A multi-band synchronous amplification and adjustable vibration amplification device

Technical field

The present invention relates to a vibration amplification device, more specifically to a vibration amplification device with multi-band synchronous amplification and adjustable adjustment, and belongs to the technical field of mechanical testing.

Background technique

At present, with the continuous development of aerospace, aviation and other science and technology, the mechanical environment in which products are used is becoming increasingly harsh and complex, such as new fighter aircraft, super-heavy tonnage launch vehicles, high-speed penetration missiles and some missiles close to the power source. Components, etc. are exposed to large-scale vibration or shock environments. Whether components can adapt to harsh vibration environments requires verification of key components through vibration tests. However, due to the extremely high magnitude of this type of vibration, which even exceeds 100Grms, it is difficult to achieve this with existing equipment due to limitations in equipment capabilities. If the test piece is tested using near-field testing, the number of verifications will be greater. , high cost and difficult to achieve.
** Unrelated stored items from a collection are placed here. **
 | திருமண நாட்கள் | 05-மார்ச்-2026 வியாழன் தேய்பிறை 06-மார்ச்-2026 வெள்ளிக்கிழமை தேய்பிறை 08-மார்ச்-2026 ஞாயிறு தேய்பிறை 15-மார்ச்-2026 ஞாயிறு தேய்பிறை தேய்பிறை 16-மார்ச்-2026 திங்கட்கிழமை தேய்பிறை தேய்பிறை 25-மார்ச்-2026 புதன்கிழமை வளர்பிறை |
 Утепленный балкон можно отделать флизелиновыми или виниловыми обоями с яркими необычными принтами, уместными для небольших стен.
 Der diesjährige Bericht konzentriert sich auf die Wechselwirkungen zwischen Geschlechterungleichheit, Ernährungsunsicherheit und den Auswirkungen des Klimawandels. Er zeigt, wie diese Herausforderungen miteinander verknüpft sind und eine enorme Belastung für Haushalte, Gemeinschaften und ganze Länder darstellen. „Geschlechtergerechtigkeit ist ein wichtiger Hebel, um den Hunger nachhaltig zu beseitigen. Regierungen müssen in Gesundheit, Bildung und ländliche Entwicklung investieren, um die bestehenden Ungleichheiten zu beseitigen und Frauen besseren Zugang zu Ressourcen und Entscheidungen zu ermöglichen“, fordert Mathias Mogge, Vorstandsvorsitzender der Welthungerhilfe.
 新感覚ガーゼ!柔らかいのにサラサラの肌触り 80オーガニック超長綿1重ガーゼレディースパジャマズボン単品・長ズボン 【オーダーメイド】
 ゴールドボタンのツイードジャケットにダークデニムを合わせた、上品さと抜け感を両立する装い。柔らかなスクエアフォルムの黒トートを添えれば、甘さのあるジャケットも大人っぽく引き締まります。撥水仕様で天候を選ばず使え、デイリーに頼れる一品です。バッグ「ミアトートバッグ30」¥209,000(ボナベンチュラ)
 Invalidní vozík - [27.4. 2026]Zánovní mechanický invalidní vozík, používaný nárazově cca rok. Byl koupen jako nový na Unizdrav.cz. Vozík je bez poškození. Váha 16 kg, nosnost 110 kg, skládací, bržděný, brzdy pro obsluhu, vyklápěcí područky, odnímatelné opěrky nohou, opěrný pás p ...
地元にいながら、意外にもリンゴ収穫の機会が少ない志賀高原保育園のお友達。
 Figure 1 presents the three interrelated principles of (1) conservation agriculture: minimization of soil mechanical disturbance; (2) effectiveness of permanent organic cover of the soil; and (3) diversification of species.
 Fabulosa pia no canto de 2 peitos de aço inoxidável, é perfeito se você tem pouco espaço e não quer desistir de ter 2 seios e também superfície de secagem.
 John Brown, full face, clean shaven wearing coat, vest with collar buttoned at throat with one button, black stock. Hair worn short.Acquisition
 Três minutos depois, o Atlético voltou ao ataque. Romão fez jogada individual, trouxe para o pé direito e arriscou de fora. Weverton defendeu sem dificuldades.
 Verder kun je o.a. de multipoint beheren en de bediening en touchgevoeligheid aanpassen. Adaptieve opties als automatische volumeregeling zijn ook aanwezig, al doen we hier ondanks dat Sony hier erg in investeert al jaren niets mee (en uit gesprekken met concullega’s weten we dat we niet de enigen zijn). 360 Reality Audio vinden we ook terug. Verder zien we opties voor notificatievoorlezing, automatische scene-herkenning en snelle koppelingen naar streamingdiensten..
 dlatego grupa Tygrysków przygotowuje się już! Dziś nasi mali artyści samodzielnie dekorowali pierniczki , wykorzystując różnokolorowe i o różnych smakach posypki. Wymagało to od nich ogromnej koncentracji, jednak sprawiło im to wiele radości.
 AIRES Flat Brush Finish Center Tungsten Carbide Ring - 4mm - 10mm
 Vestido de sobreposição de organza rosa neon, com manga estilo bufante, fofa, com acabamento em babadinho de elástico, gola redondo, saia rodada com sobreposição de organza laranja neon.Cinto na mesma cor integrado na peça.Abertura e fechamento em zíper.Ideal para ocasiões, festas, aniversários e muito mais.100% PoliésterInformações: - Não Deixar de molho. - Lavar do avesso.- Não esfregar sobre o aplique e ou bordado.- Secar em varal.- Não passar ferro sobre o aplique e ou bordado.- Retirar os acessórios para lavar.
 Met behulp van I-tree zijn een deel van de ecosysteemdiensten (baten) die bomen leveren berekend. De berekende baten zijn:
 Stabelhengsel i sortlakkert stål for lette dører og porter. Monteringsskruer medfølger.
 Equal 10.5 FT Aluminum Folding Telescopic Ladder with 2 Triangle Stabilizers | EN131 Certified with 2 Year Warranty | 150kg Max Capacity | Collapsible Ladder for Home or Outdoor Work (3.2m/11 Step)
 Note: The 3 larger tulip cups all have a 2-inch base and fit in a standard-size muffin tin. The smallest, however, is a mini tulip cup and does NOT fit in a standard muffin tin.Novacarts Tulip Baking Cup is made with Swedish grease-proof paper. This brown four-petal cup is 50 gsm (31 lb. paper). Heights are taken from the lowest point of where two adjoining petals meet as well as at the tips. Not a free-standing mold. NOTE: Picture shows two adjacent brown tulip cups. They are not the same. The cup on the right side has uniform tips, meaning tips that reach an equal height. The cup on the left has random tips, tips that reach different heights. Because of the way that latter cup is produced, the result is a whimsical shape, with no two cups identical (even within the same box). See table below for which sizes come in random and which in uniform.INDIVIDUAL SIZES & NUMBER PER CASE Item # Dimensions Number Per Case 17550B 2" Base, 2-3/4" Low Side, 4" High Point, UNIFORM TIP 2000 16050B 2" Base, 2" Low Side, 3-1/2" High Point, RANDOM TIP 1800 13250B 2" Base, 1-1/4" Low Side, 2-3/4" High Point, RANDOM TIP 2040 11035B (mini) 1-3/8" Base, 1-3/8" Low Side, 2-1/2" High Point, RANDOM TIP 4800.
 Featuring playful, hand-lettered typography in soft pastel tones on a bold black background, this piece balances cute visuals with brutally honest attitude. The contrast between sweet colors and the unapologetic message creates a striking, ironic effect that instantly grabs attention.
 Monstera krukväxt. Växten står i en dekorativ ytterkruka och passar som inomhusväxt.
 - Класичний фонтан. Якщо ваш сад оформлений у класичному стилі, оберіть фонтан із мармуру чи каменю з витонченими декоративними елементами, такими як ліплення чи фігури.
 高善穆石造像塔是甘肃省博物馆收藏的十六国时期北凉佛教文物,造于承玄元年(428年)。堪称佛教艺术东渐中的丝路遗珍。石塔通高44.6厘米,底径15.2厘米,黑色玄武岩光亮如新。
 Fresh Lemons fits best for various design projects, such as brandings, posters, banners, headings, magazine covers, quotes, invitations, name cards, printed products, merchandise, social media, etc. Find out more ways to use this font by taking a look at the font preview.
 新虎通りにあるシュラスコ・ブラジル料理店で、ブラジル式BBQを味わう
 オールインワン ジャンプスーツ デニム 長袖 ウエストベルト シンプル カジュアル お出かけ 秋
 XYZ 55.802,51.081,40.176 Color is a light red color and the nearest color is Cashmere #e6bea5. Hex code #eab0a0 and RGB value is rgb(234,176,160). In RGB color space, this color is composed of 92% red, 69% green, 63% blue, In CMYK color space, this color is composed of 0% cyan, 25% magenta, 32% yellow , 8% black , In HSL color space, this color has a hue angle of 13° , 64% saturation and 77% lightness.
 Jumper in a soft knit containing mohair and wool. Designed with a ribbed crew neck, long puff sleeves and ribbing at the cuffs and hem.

Based on the above situation, in order to achieve large-scale vibration assessment, an amplification device is usually designed to implement large-scale vibration tests through laboratory equipment. However, the current vibration amplification is mainly based on resonance amplification. Most of the vibration amplification is based on a single condition, and it is concentrated on single peak amplification. It is not fully adapted to the current increasingly demanding vibration assessment requirements. For example, some large-scale vibrations not only have power below 1000Hz. The spectral density value is very large, and there are also higher power spectral density requirements at 1000Hz and 2000Hz. Therefore, a more efficient vibration amplification system is urgently needed to achieve vibration amplification.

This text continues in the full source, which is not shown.